Оказалось, что Вуди – помощник добросовестный и усердный. Через несколько недель на улицы Мэриленда пришла осень. Листва на столетних деревьях Оук-Парка покраснела и пожелтела, а потом дождем хлынула на аллеи. Надо было чистить газоны, готовить растения к зиме и накрывать бассейны брезентом.

 

А в это время в школе Оук-Три Хряк по-прежнему мучил Гиллеля. Кидался в него шишками и камнями, связывал и заставлял есть землю и сэндвичи с помойки. “Лопай! Лопай! Лопай!” – весело распевали мальчишки, когда Хряк зажимал ему нос, чтобы он открыл рот и проглотил. Если Гиллелю хватало сил, он обливал Хряка презрением и горячо благодарил: “Спасибо за вкусный обед, я как раз в полдень не наелся”. Тогда удары сыпались на него с новой силой. Хряк выворачивал его портфель на землю, швырял книги и тетради в мусорную корзину. Гиллель на досуге начал писать стихи, и тетрадка с ними в итоге, разумеется, тоже попала в лапы Хряку; тот заставил его съесть несколько страниц, предварительно зачитав всем плоды его творчества, а остальное сжег. Гиллель сумел спасти от аутодафе одно стихотворение, которое написал своей тайной любви, хрупкой блондинке по имени Хелена, не пропускавшей ни одного представления Хряка. Он усмотрел в этом знак свыше, собрал всю волю в кулак и поднес стихи Хелене. Та пересняла их и развесила по всей школе. Они попались на глаза миссис Чериот, куратору школьной газеты; та похвалила малышку Хелену за поэтический дар, поставила высокую отметку и напечатала стихи в газете за подписью Хелены.
Перечень походов Гиллеля к врачу становился все длиннее – особенно из-за постоянных воспалений во рту, – и встревоженная тетя Анита в конце концов пошла к директору Хеннингсу:
– По-моему, моего сына в школе обижают.
– Нет-нет, в Оук-Три никого не обижают, у нас есть надзиратели, правила, хартия сосуществования. Мы – школа счастья.

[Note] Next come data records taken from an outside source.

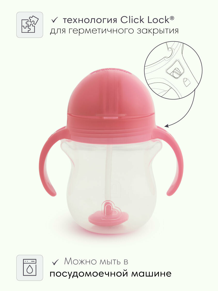Поильник с трубочкой и ручками Munchkin Click Lock Any Angle Розовый/Сиреневый 2шт. 207 мл. 6+ интересное: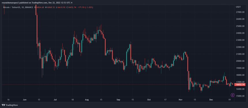 As of this writing, Bitcoin trades at $16,800 with sideways movement in the last 24 hours. On higher timeframes, the cryptocurrency records a 6% loss. Other assets in the crypto top 10 by market capitalization are moving in tandem with BTC and record losses in this period.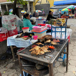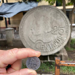Etwas leichtere Kost war dann der Spaziergang über den Markt zurück zum Boot. Dabei kamen wir an der Darstellung einer überdimensionalen 25-Centavos-Münze vorbei. Der Hintergrund bestand darin, dass ein junges Mädchen aus dem Ort (und die Nachbarin unseres Führers) in den 70er Jahren einen Wettbewerb gewonnen hatte und als Preis mit ihrem Konterfei auf der Münze verewigt wurde. Mehr hat sie dann auch nicht dafür bekommen. Die Moral von der Geschichte wäre damit, dass es besser ist fremdes Geld zu besitzen als sich darauf wiederzufinden. Doch zumindest kurzzeitig nahm es dann doch noch ein gutes Ende, da sich der Sohn Ende der 2010er Jahre beschwerte und der Staat der inzwischen alten Dame zumindest eine kleine Leibrente gewährte. Besser spät als nie!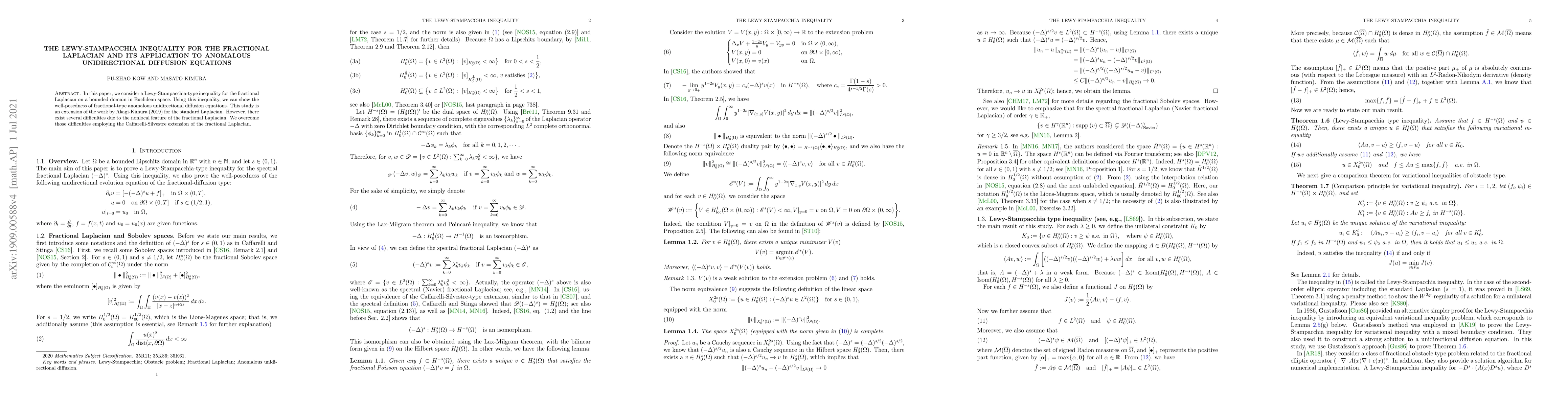 This paper establishes a Lewy-Stampacchia-type inequality for the fractional Laplacian, extending previous results for the standard Laplacian. It leverages this inequality to demonstrate the well-posedness of anomalous unidirectional diffusion equations, overcoming challenges posed by the fractional Laplacian's nonlocal nature.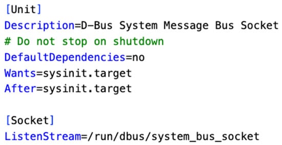 dbus.socket for system bus. In this figure, the syntax is shown in blue, while the comments are shown in green.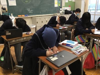 1月20日(金)放課後、1・2年生全員と3年生の希望者が校内で英語検定を受検しました。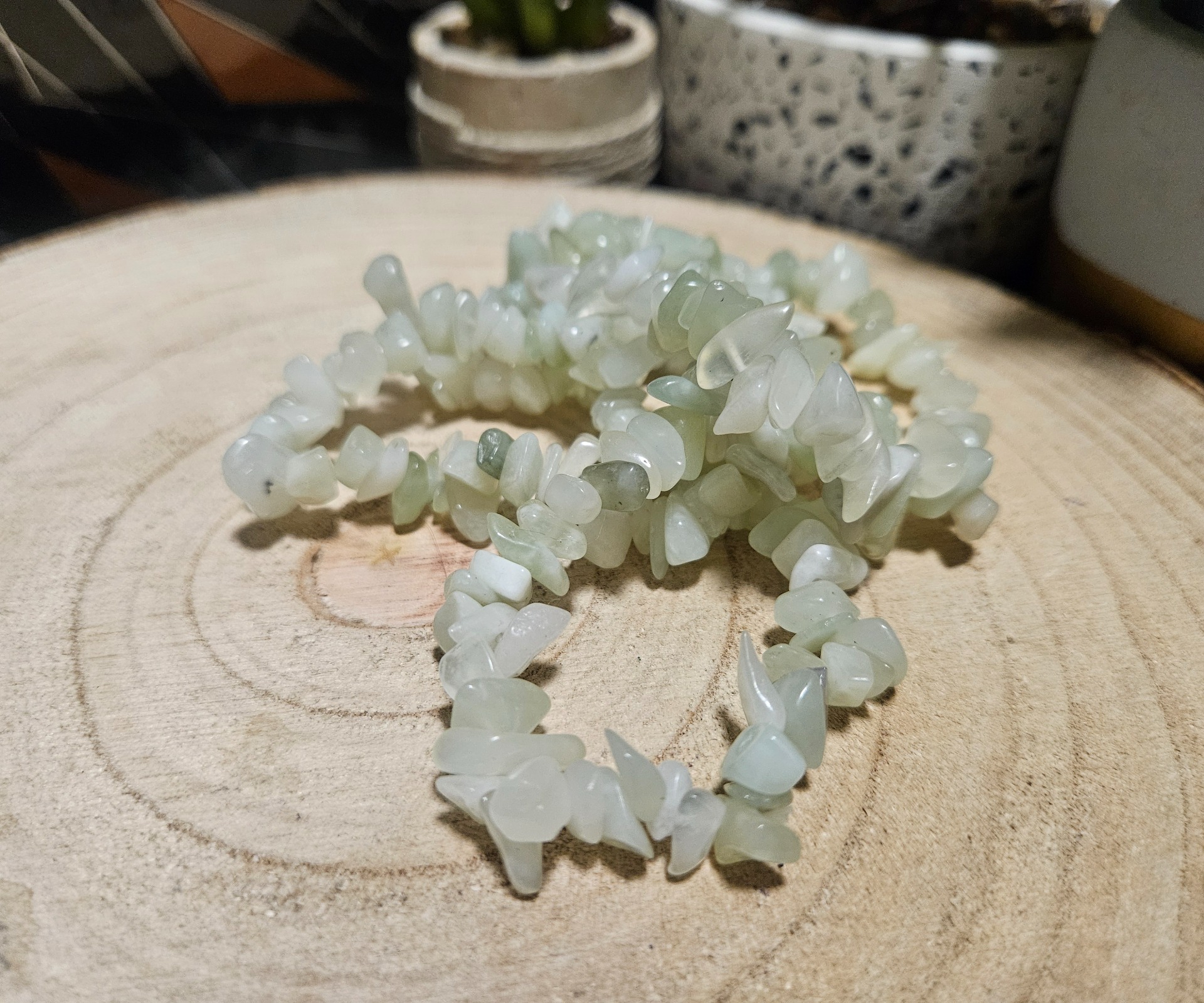 Minerál: Prírodný Jadeit brúsený do nepravidelných kúskov.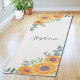 This floral yoga mat is decorated with watercolor sunflowers, eucalyptus, and greenery.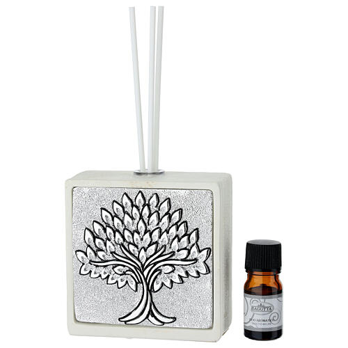Lembrancinha difusor árvore da vida óleos essenciais de frutas cítricas 9x9 cm Bagutta. Perfumador de ambiente quadrado com elegante decoração em prata representando a Árvore da Vida, medindo 9x9 cm e tem 4 cm de espessura.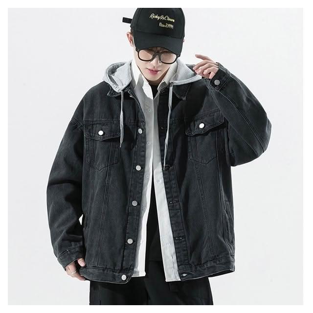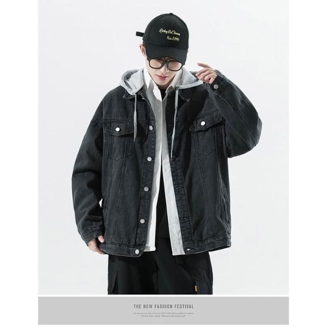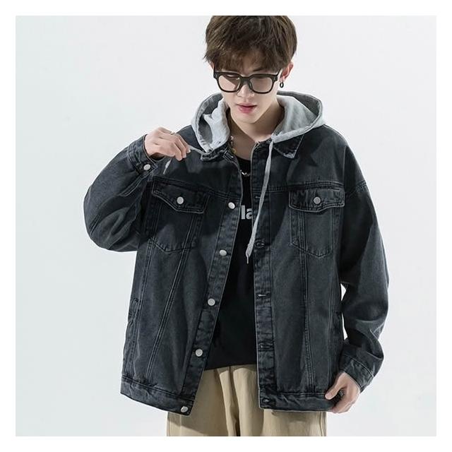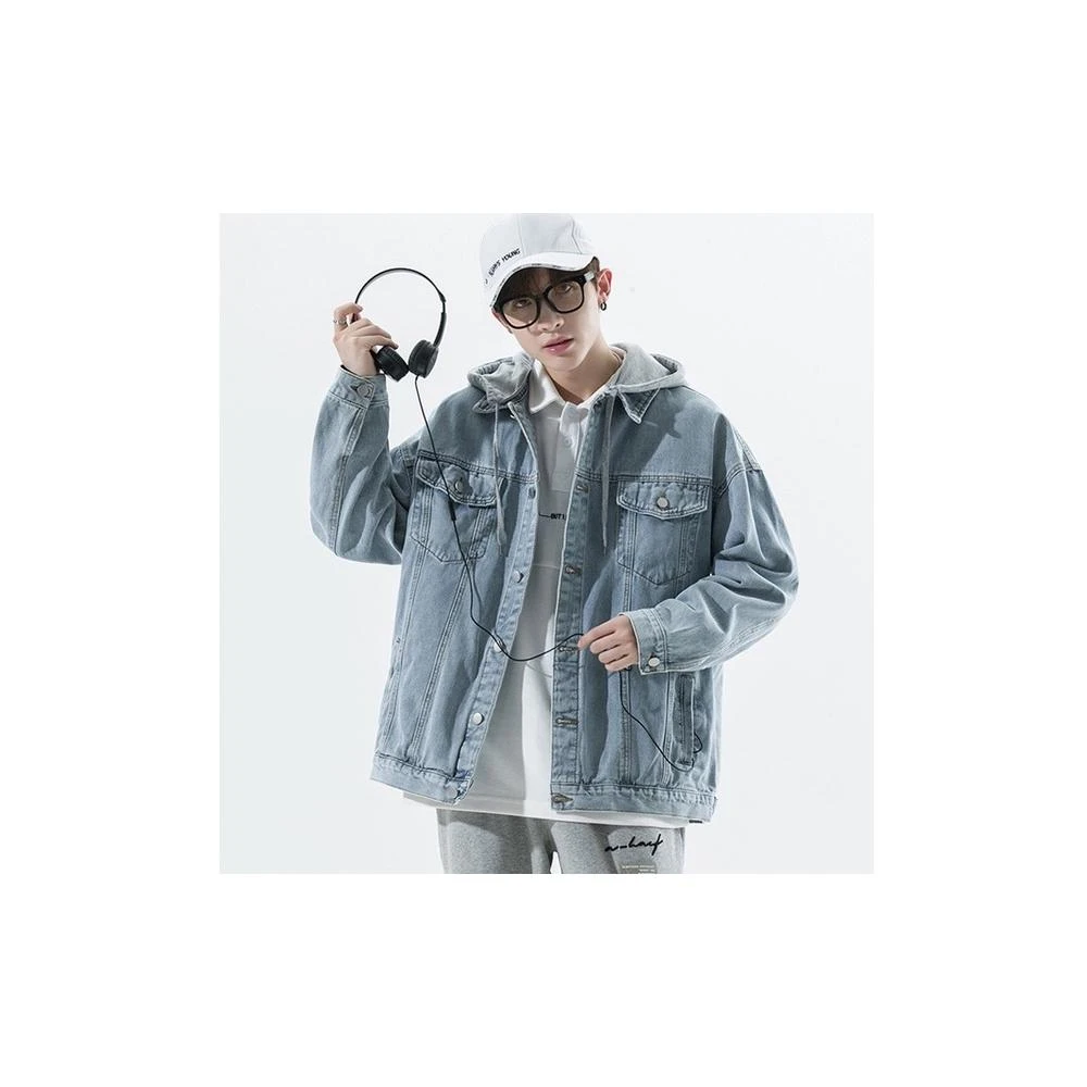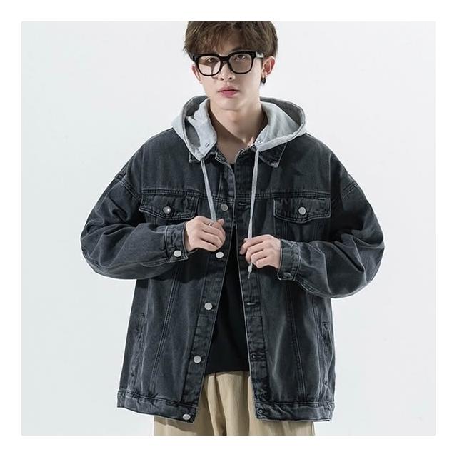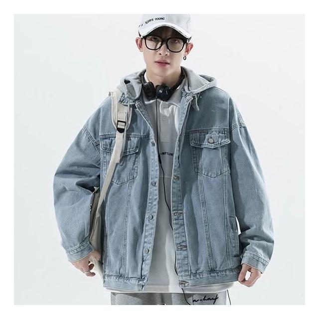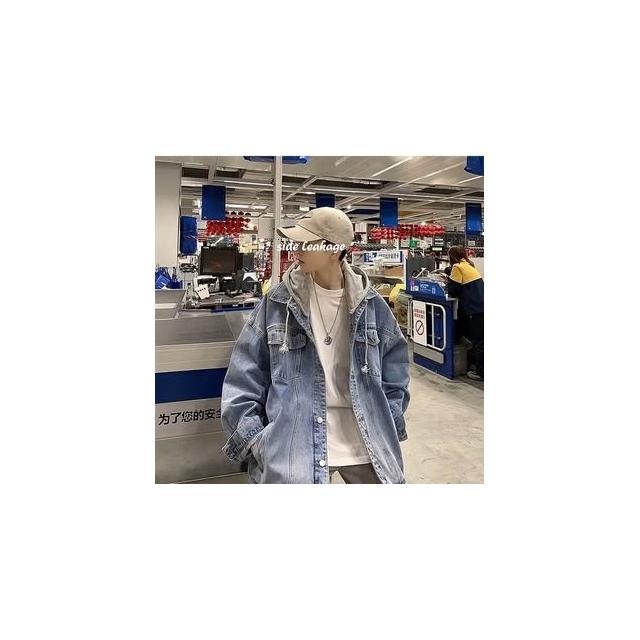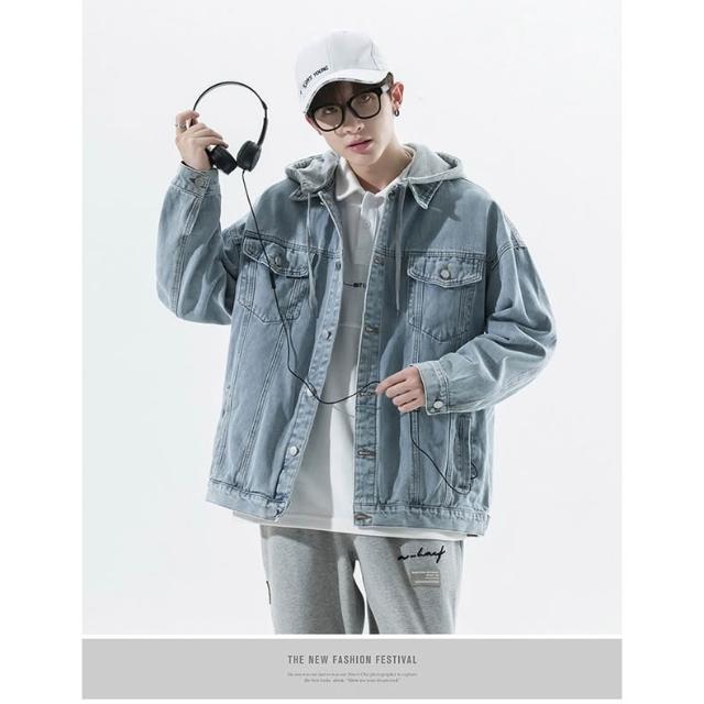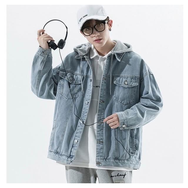 LARGE STORE 百搭款水洗刷破寬鬆版型設計連帽牛仔外套 牛仔夾克 男生外套 寬鬆外套 連帽外套(JK46)

– Гиллель каждый день приходит в рваной одежде. Его тетради либо испорчены, либо их вообще нет.
– Ему надо быть аккуратнее. Вы же знаете, если он небрежно относится к тетрадям, у него будет плохая отметка в табеле.
– Мистер Хеннингс, он очень аккуратный. По-моему, кто-то сделал из него мальчика для битья. Не знаю, что происходит в вашей школе, но мы платим двадцать тысяч долларов в год, а у сына, когда он приходит домой, полон рот бактерий. Наверно, это все же что-то значит?
– Он хорошо моет руки?
– Да, он очень хорошо моет руки.
– Видите ли, многие мальчики в его возрасте такие поросята…
В конце концов тете Аните надоело ходить вокруг да около, и она сказала:
– Мистер Хеннингс, у сына постоянно синяки на лице. Что мне делать? Заставить его найти общий язык с одноклассниками или отдать в специальное учреждение? Честно говоря, иногда по утрам, отпуская его в школу, я просто не знаю, что еще с ним случится…
Она разрыдалась, а поскольку директор Хеннингс больше всего боялся каких-то осложнений в Оук-Три, он стал ее утешать, обещал исправить положение и вызвал Гиллеля, чтобы разобраться.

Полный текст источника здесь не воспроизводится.